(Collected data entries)
----------

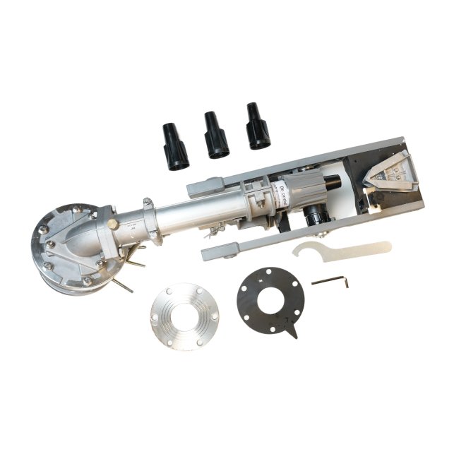 Rain Gun Size: 2″ flange Material: Aluminum Pressure: 3-8 bar Radius: 32-63 m Angle: 24° Accessories: With flange and gasket
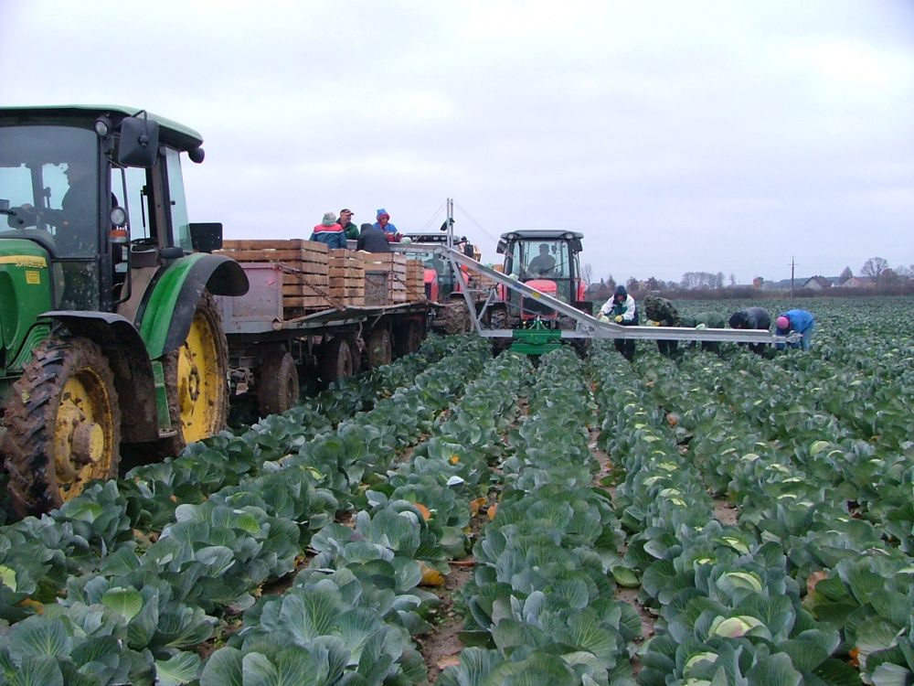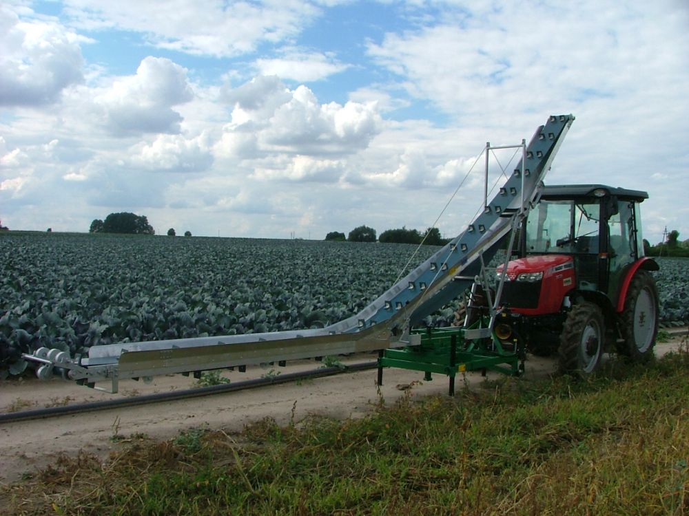 • Быстрая уборка овощей (100-120 паллет кочанной капусты). С транспортера сотрудники собирают овощи и укладывают их в ящики для поддонов или садовые ящики. Транспортер может автоматически
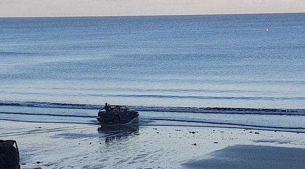 據(jù)《每日郵報(bào)》7月27日?qǐng)?bào)道,近日,在英國(guó)康沃爾郡一間名為“The Hidden Hut”的海邊餐廳里,數(shù)百名正在享用大餐的顧客目睹了一輛吉普車在海上化身成快艇高速行駛的全過(guò)程?!薄 ?jù)其他目擊者反映,當(dāng)吉普車在海面上像快艇一樣高速行駛的時(shí)候,全場(chǎng)驚呆了,接著爆發(fā)出歡呼聲和掌聲。
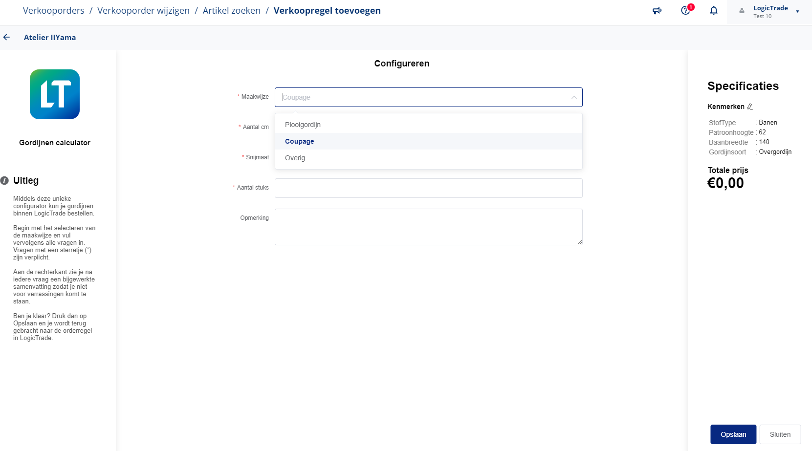 U kunt nu werken met de vernieuwde gordijncalculator. Er zijn vele verbeteringen geweest aan de gordijncalculator, waaronder het toevoegen van een coupage order.
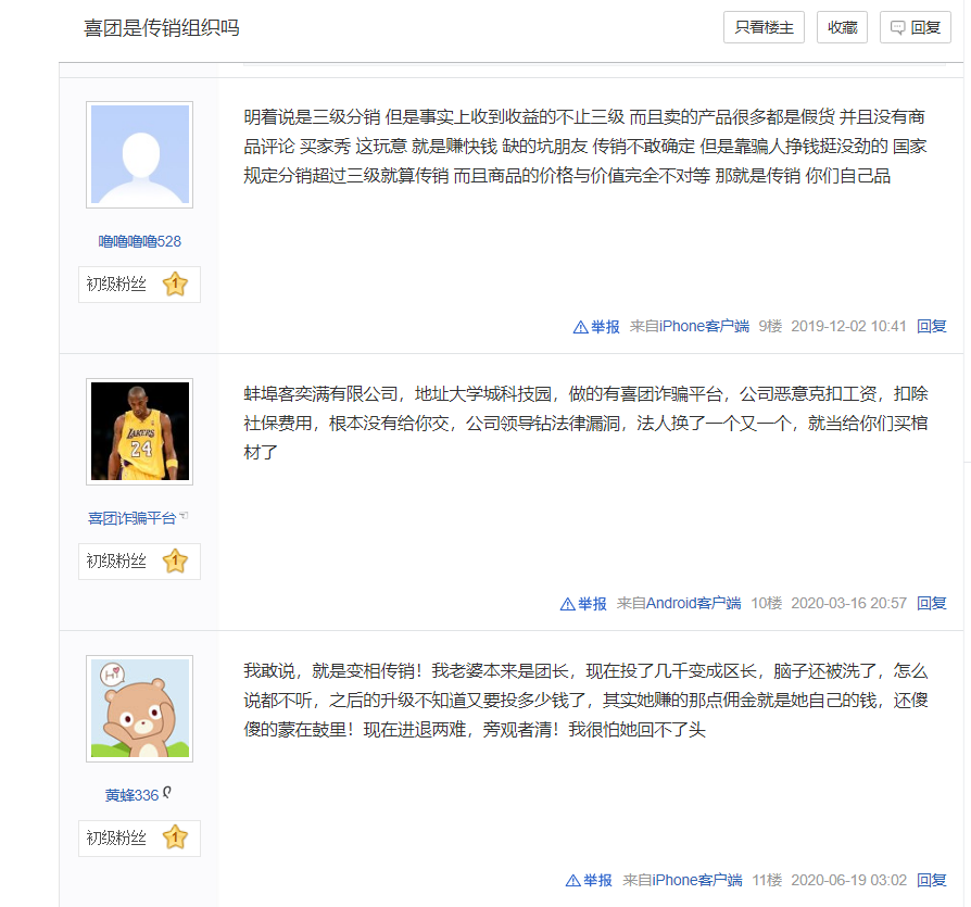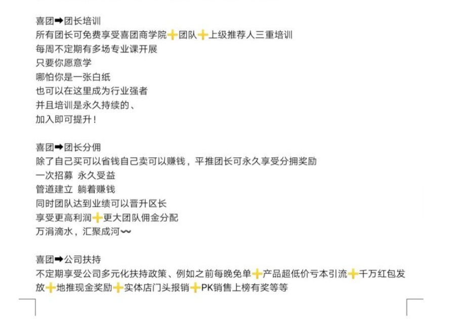 成为团长后不仅可以购物享受30%左右的优惠,还可以通过分享的方式赚钱。有网友表示,当你做了团长后就会诱使你去做区长,而要想做区长就必须在自己名下开发新的团长,达到一定人员后即可成为区长,而这样其实就是拉人头。而舆情观察网注意到,喜团公开对外宣传为横向发展无限层,纵向发展三层的代理模式。
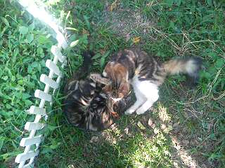 ミミゲとちびちび、草の上で取っ組み合い。
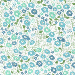 Blue and Green Floral Fabric – Print #2766. 100% cotton print. 60″ wide. This fabric has a blue and green floral print on a solid white background.
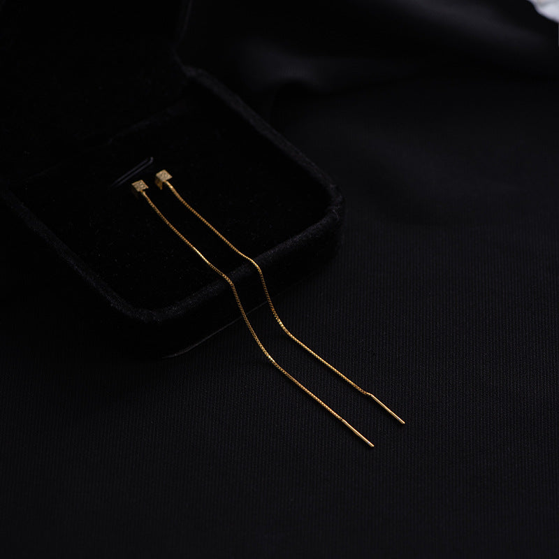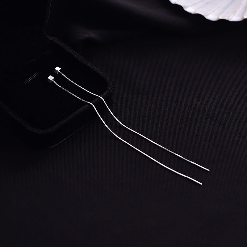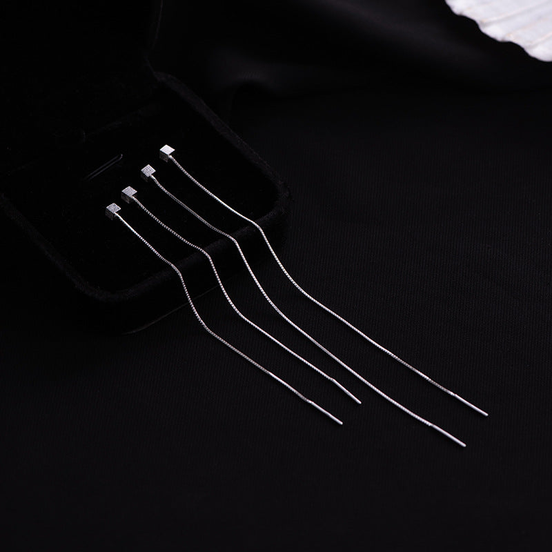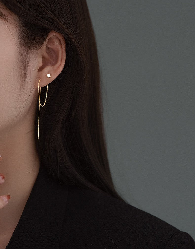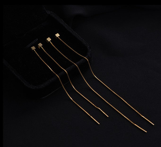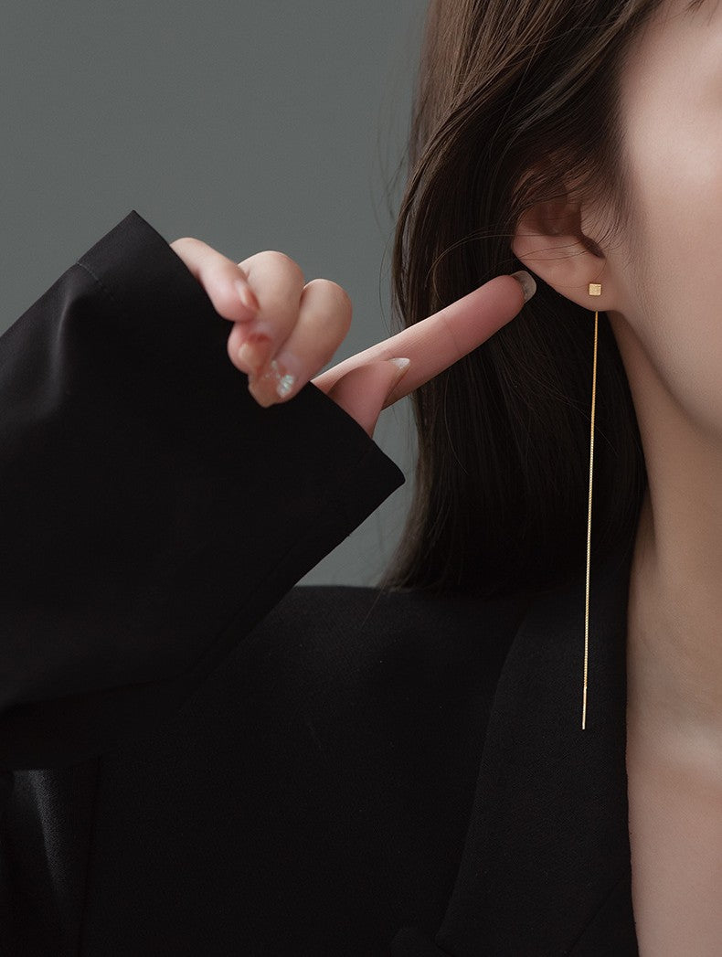These S925 silver ear threads boast a sleek square design paired with long tassels. Offered in gold/silver hues and long/short styles, they give off a niche, high - end feel. Ideal for office commutes with a tailored blazer or weekend shopping trips with a casual dress, they effortlessly add subtle sophistication to any outfit.

----------

* [TASK DIRECTIONS]:
The copy should start at the line that contains "ミミゲとちびちび、草の上で取っ組み合い。", end at the last line of the entries above, and match each line exactly, with pictures dropped.

* [PROBLEM SOLUTION]:
 ミミゲとちびちび、草の上で取っ組み合い。
 Blue and Green Floral Fabric – Print #2766. 100% cotton print. 60″ wide. This fabric has a blue and green floral print on a solid white background.
These S925 silver ear threads boast a sleek square design paired with long tassels. Offered in gold/silver hues and long/short styles, they give off a niche, high - end feel. Ideal for office commutes with a tailored blazer or weekend shopping trips with a casual dress, they effortlessly add subtle sophistication to any outfit.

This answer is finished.